MATERIAL FOR THIS TASK below:

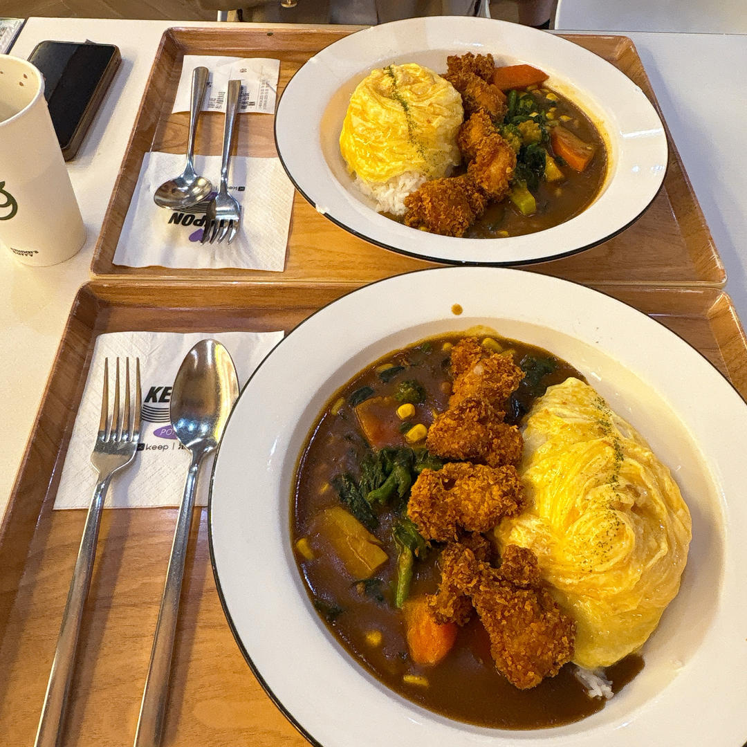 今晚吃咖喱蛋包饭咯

End of MATERIAL FOR THIS TASK.
MATERIAL FOR THIS TASK below:

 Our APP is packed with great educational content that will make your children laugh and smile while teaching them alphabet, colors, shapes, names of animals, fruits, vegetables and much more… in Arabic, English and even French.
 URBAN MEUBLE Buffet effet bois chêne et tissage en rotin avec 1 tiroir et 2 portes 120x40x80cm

End of MATERIAL FOR THIS TASK.

The expected output is exactly the lines of the listing above between the line holding "Our APP is packed" and the line holding "URBAN MEUBLE Buffet", inclusive.

◆ TASK OUTPUT
 Our APP is packed with great educational content that will make your children laugh and smile while teaching them alphabet, colors, shapes, names of animals, fruits, vegetables and much more… in Arabic, English and even French.
 URBAN MEUBLE Buffet effet bois chêne et tissage en rotin avec 1 tiroir et 2 portes 120x40x80cm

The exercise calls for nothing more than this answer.